GIVEN DATA:
■ ■ ■ ■ ■

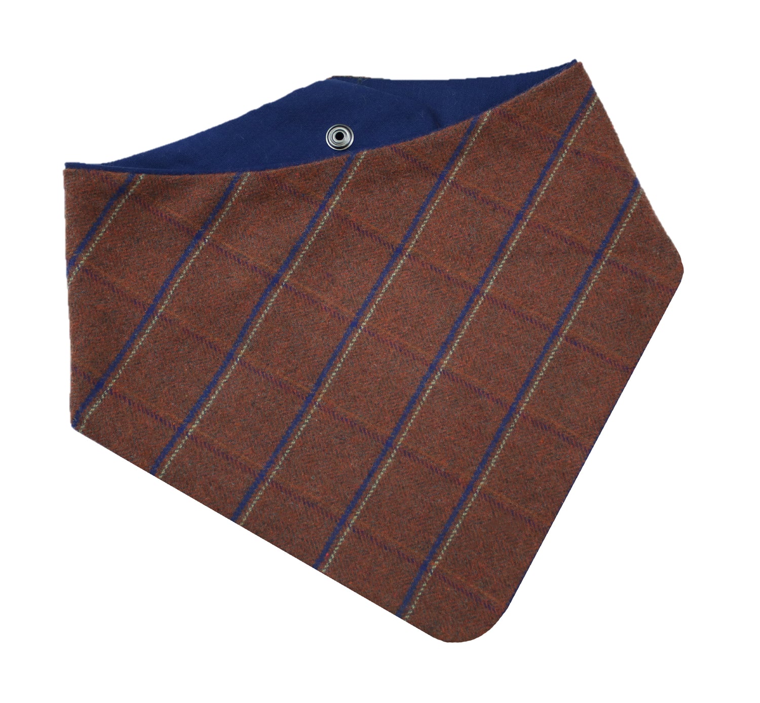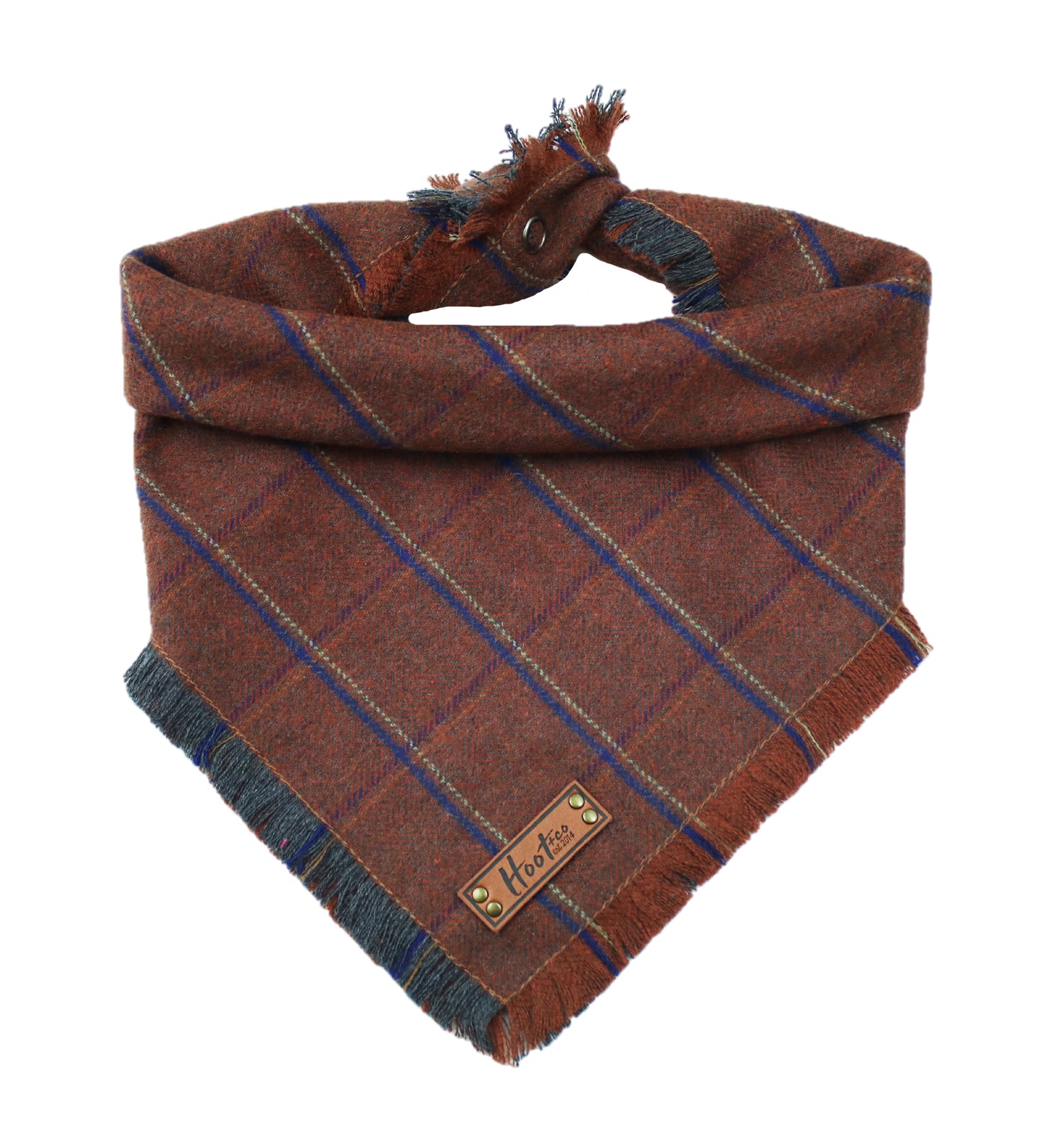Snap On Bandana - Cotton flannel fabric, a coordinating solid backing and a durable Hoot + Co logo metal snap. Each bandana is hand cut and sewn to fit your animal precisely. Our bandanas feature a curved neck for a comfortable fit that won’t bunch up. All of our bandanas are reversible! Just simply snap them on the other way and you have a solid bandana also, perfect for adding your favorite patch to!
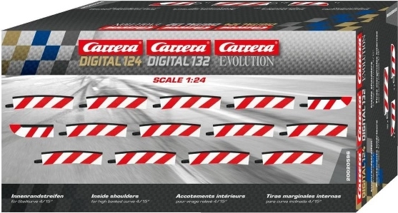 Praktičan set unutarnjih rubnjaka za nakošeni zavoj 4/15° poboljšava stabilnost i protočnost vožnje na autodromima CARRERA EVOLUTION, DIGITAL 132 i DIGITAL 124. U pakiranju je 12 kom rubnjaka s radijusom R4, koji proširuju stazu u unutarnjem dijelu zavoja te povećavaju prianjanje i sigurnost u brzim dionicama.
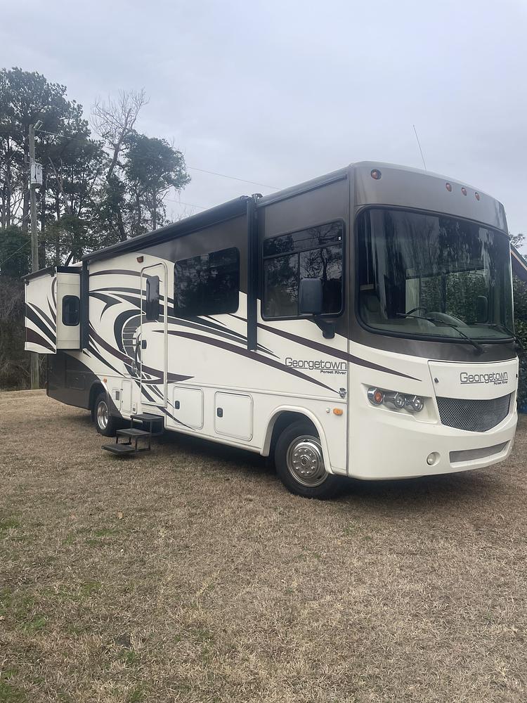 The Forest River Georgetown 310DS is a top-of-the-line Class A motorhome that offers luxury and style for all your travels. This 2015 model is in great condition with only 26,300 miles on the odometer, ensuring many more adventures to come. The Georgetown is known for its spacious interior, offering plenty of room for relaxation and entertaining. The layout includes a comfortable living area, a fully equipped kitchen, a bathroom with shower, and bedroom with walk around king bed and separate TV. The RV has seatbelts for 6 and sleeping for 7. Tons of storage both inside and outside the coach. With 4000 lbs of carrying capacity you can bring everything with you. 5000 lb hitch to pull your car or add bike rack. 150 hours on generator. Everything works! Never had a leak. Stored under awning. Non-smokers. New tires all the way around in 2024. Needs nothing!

■ ■ ■ ■ ■

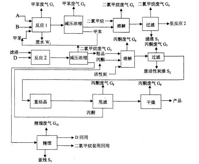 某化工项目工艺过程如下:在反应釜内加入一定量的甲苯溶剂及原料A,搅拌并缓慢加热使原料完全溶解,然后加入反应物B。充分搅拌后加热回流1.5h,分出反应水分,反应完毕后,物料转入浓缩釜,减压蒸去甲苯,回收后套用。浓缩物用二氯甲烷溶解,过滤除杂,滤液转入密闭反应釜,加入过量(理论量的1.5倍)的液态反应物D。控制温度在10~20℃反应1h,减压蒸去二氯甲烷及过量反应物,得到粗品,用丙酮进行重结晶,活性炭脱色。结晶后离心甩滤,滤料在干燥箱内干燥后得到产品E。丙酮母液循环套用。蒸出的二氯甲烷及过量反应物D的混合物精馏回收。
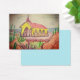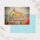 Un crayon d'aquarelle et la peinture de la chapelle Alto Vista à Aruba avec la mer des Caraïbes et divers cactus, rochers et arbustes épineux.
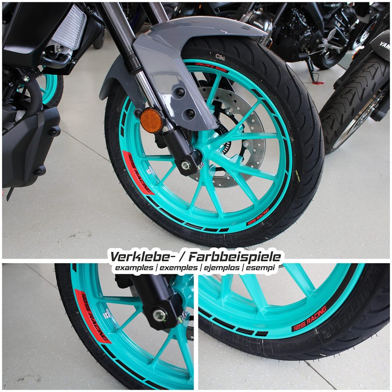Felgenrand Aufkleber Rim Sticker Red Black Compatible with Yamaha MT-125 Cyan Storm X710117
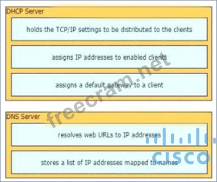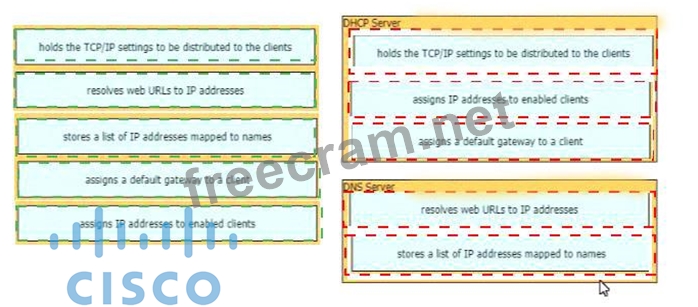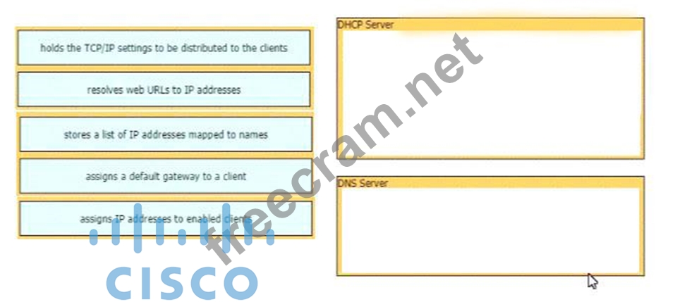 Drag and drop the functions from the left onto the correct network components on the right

■ ■ ■ ■ ■

INSTRUCTIONS FOR THE TASK:
What you return must match, character for character, the lines above from the one with "Snap On Bandana" through the one with "Praktičan set unutarnjih", minus any pictures.

EXERCISE OUTPUT:
Snap On Bandana - Cotton flannel fabric, a coordinating solid backing and a durable Hoot + Co logo metal snap. Each bandana is hand cut and sewn to fit your animal precisely. Our bandanas feature a curved neck for a comfortable fit that won’t bunch up. All of our bandanas are reversible! Just simply snap them on the other way and you have a solid bandana also, perfect for adding your favorite patch to!
 Praktičan set unutarnjih rubnjaka za nakošeni zavoj 4/15° poboljšava stabilnost i protočnost vožnje na autodromima CARRERA EVOLUTION, DIGITAL 132 i DIGITAL 124. U pakiranju je 12 kom rubnjaka s radijusom R4, koji proširuju stazu u unutarnjem dijelu zavoja te povećavaju prianjanje i sigurnost u brzim dionicama.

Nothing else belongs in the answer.